Strong winds and rain cut short a normally prolonged picture session, capturing only a few photographs of the smiling monarch and the new Assembly members. North Korean bodyguards then covered King Sihanouk with an umbrella and supported him for the 20-meter walk to the Serey Mukol temple.
Inside the temple, Prince Ranariddh and Sam Rainsy ignored Prime Minister Hun Sen but shook hands with Chea Sim and National Assembly honorary president Heng Samrin inside the temple.
Party leaders sat clearly divided at a table, from which they took political oaths led by supreme monks Tep Vong and Bou Kry. Hun Sen sat between Heng Samrin and Chea Sim, while 75-year-old CPP parliamentarian Chea Soth, the oldest Assembly member, separated Chea Sim from Prince Ranariddh.
Opposition leader Sam Rainsy said Sunday morning that he and the prime minister did not acknowledge each other throughout the evening.
“We pretended not to see each other,” he said.
At Tep Vong’s prompting, parliamentarians chanted, in unison, promises to serve the nation.
“We promise not to exploit the national interest for personal, family and partisan interests. We will sacrifice our lives, in the present time and in the future, to protect Cambodia’s independence, national sovereignty and territory, according to the law of the land and sea borders in 1963 and 1969,” parliamentarians said, echoing Tep Vong’s reading.
“We swear to fight against corruption, social injustice and to advocate a compromise for the nation to keep peace and national security,” they chanted.

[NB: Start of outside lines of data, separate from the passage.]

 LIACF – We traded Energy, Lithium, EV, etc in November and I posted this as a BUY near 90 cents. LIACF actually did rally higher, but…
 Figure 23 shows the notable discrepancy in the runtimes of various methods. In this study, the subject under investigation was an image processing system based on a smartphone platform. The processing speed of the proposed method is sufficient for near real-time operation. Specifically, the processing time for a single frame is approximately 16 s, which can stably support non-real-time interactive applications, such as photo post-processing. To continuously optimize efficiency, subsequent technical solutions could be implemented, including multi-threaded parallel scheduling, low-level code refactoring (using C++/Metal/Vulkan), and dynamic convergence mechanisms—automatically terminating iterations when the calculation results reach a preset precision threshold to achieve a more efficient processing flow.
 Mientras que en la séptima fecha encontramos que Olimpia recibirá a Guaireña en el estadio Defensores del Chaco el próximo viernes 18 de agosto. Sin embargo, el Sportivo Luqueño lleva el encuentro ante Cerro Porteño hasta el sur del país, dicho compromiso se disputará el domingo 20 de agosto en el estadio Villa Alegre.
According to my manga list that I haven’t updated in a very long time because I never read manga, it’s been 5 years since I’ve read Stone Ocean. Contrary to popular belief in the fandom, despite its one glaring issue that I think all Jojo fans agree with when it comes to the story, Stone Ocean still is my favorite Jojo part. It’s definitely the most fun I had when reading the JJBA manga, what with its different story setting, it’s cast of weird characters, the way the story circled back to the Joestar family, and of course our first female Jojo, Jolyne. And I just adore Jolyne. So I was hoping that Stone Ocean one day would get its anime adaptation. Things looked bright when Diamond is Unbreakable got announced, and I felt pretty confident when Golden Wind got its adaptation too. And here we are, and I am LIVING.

Parliamentarians closed the ceremony sipping from small glasses of oath water for nearly an hour.
Sam Rainsy said politics was not on the menu for the royal feast that followed the oath.

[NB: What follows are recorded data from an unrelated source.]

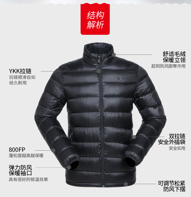 「鹅绒」800蓬鹅绒成本约是普通鸭绒的10倍,没有鸭毛的腥味,保暖效果更好:「125克 800蓬鹅绒」≈「166克 700蓬普通鹅绒」≈「237克普通鸭绒」,可以穿的又轻又暖。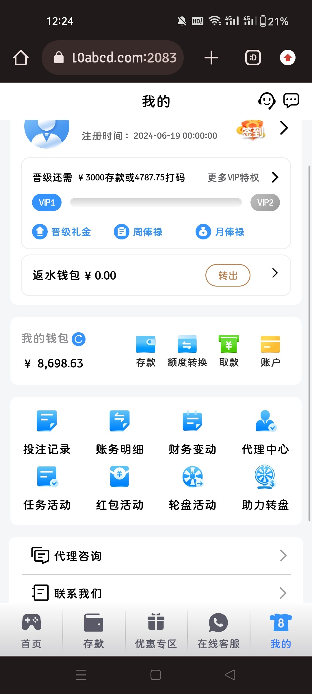 这撕逼台,不行呀,会封号的,好像是充100只能提188,运气不好,直接封号,这是我见过最垃圾的小蓝台。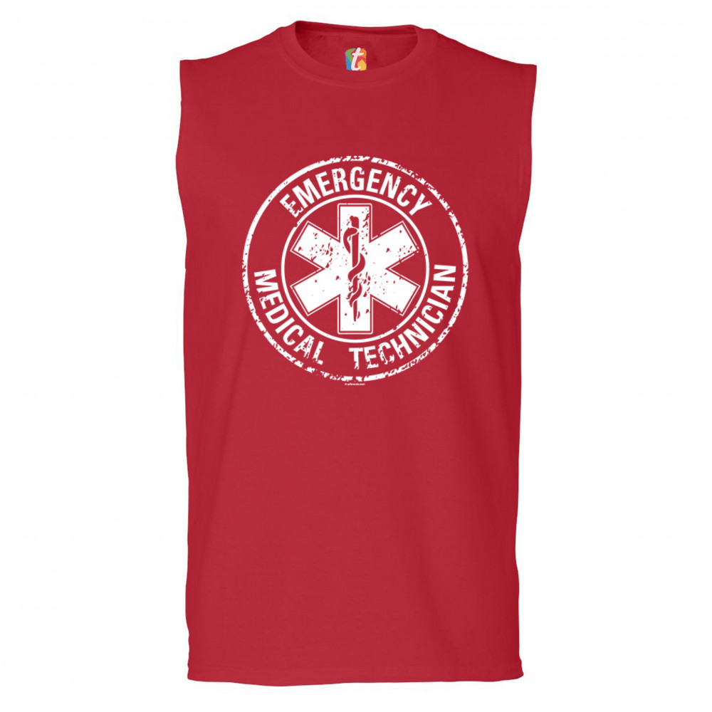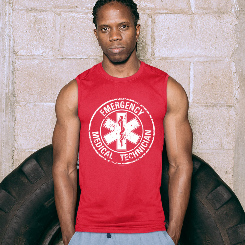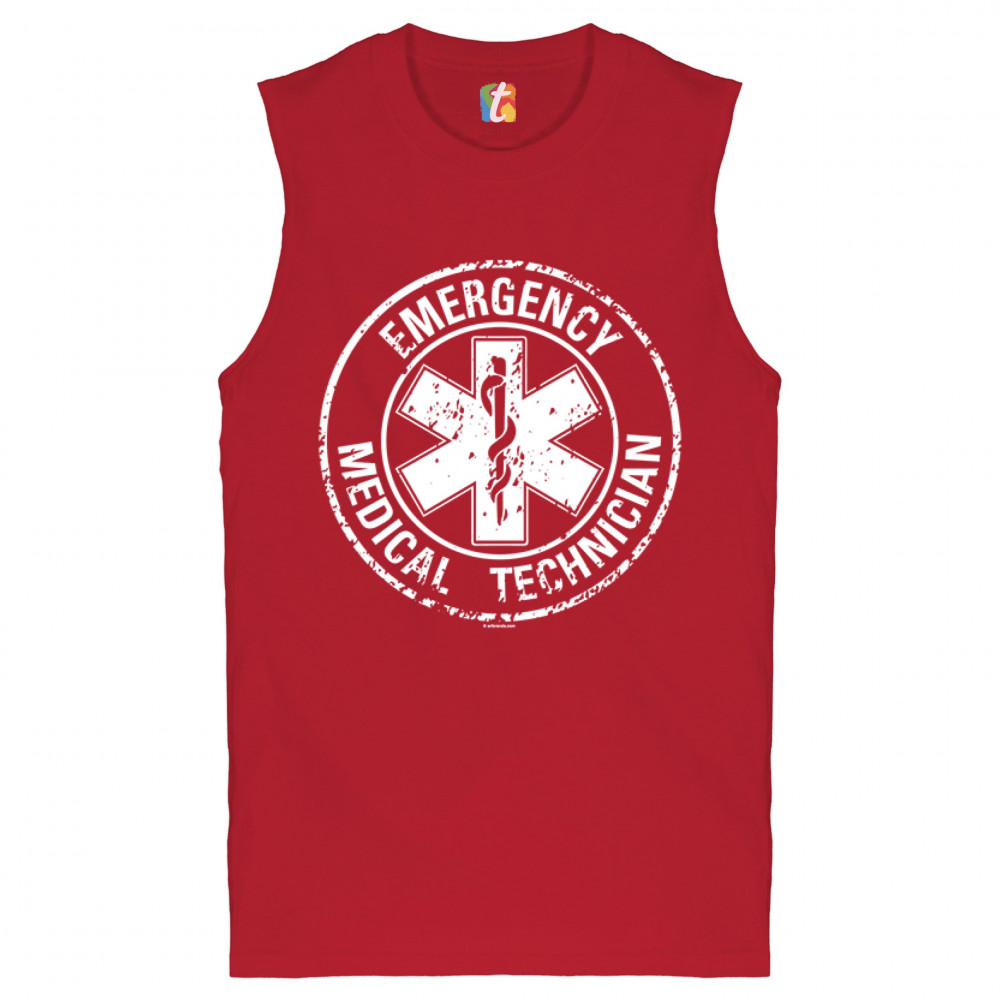 EMERGENCY MEDICAL TECHNICIAN muscle shirt emt distressed star of life men's red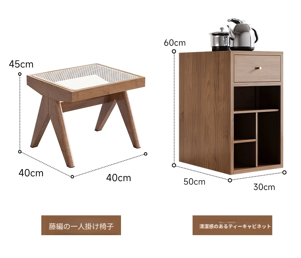 1.8メートル茶卓+チャンディガール椅子+一人用スツール*3+1.28メートル長椅子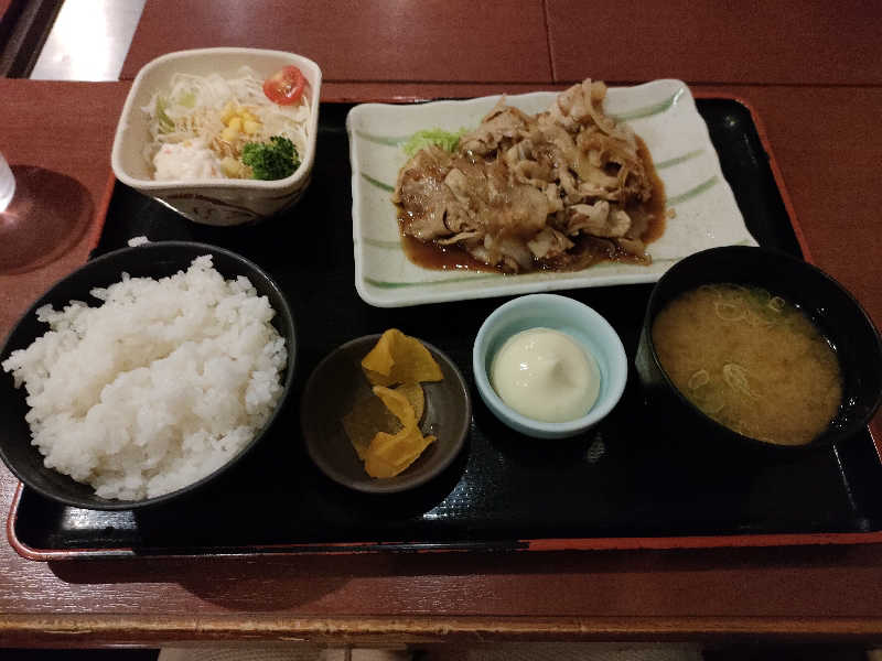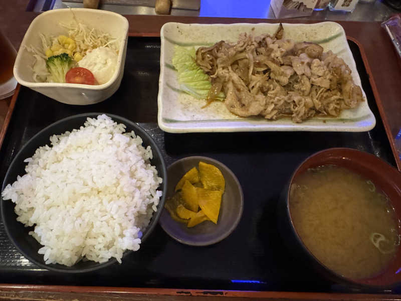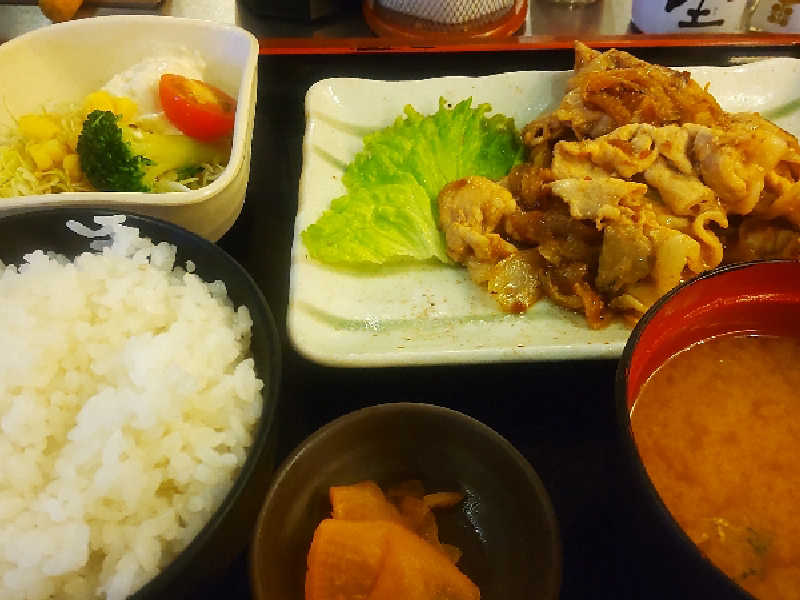 ボリュゥムたっぷりの生姜焼き。 これは白ごはんが足りなくなりそうなヤツ。 アムザの飯も美味い。

“The King extended his welcome to his guests and discussed his music but did not [talk] about political affairs even one word,” Sam Rainsy said.
More than 300 police were stationed in the rain Saturday to block traffic and secure the palace, according to Bodyguard Department Director Sim Sophal.
The swearing-in ceremony is one of many phases in the new government’s formation, according to Constitutional Council member Say Bory. At least 87 parliamentarians must now convene at the Assembly to validate their immunity, he said Sunday.
After receiving immunity, it is the duty of the three political parties to elect Assembly leaders, he said, or the Assembly will be useless.
Saturday’s event, according to Sam Rainsy, makes the second mandate under Hun Sen a temporary government.
Om Yentieng, adviser to the prime minister, said Sunday that Hun Sen’s capacity in office remains as before.
CPP spokesman Khieu Kanharith marked the occasion as a small step toward negotiations between the CPP and the Alliance.
“The swearing-in ceremony means that we have opened the door widely, which the Sam Rainsy Party closed,” he said. Khieu Kanharith maintained that a political compromise may be brokered only if the Alliance stops demanding a new prime minister.
Although the ruling and opposition party leaders made no effort to talk Saturday, conversations shared between Prince Ranariddh, Chea Sim and Chea Soth established a “good environment” for compromise, Khieu Kanharith said. No plans for negotiations were scheduled Sunday.